Life's but a walking shadow, a poor player,
That struts and frets his hour upon the stage,
And then is heard no more. -- Macbeth
So, little tweet, how long do you have before you must exit stage left? A minute? An hour?
If you're Obama, well, your record-breaking tweet is probably going to live as long as school kids hate Shakespeare. But, for the rest of us, our tweets probably have the life of a very short-lived fruit fly, right? Right?
Perhaps not!
How can we measure the lifespan of a tweet?
We can't ever really know when a tweet has been "consumed" (to use Twitter's artless term) without access logs. However, we do have a few pieces of information that may help. Notably, retweets.

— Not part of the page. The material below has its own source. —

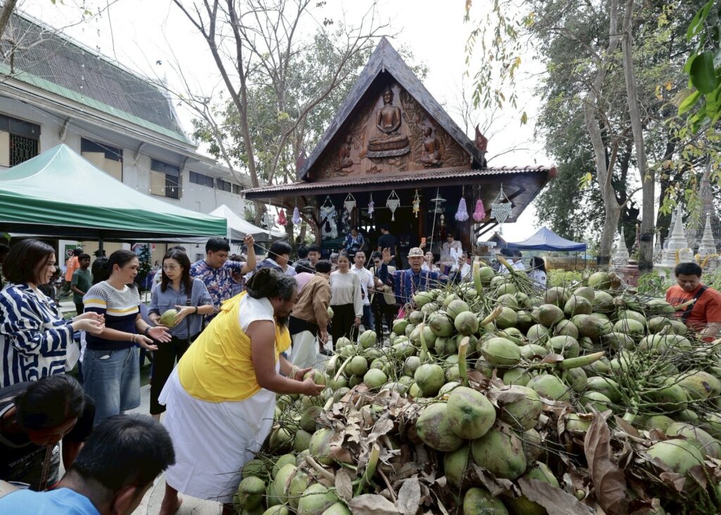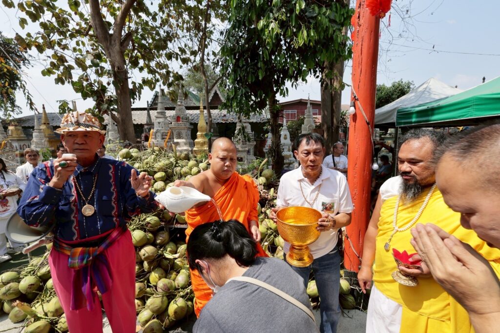 …วัดท่าผา…แทบแตก…อาจารย์พระมหารุ่งธรรม รดน้ำพุทธมนต์ด้วยพระมหาสังข์ให้กับทุก ๆ ท่านที่อยู่ในพิธี ยิ่งใหญ่เหนือคำบรรยาย ประชาชนทั้งในประเทศและต่างประเทศได้ร่วมกันเป็นเจ้าภาพถวายมะพร้าวน้ำหอมปลอดสารพิษ จำนวน 2,000 ลูก เพื่อเป็นงานมหาบุญ มหากุศล มหาทาน

Retweets are the currency of Twitter. They're a transaction; I've consumed this tweet and find it valuable enough to pass along to others. And, as retweet-like functionality spreads to Facebook and other networks, they're increasingly becoming the currency of the Internet.
We can look at the time retweets occur relative to the underlying tweet for a pretty good signal for how long a tweet "lives." Ultimately, we're not necessarily interested in the old age of a tweet. Rather, with retweets, we can find a tweet's prime of life, when it's youthful and has many courters. Gather ye rosebuds...
Are there any issues using retweets as a prime-of-life metric?
Yep!
First, a retweet probably "kicks the can down the round." When a RT happens, more people may read and retweet the underlying tweet. Therefore, any conclusions we may come to in regards to lifespans of tweets are only for those with RTs. Tweets without RTs have their own hidden lifecycle. While that lifecycle probably correlates strongly, a retweet re-energizes and probably means that RTed tweets have slightly longer lives.
Second, not everyone gets retweeted.
As we see, as you approach a million followers, pretty much all of your tweets get at least 1 retweet. Those with less than 100 followers have virtually no tweets retweeted.
Why might this be a problem?
RTd tweets from small follower count users may have characteristics that set them apart from their other tweets. Something drove readers to applaud them compared to the many other tweets of theirs that get nary a clap. By comparison, high follower count users could tweet a single word and still count on lots of retweets.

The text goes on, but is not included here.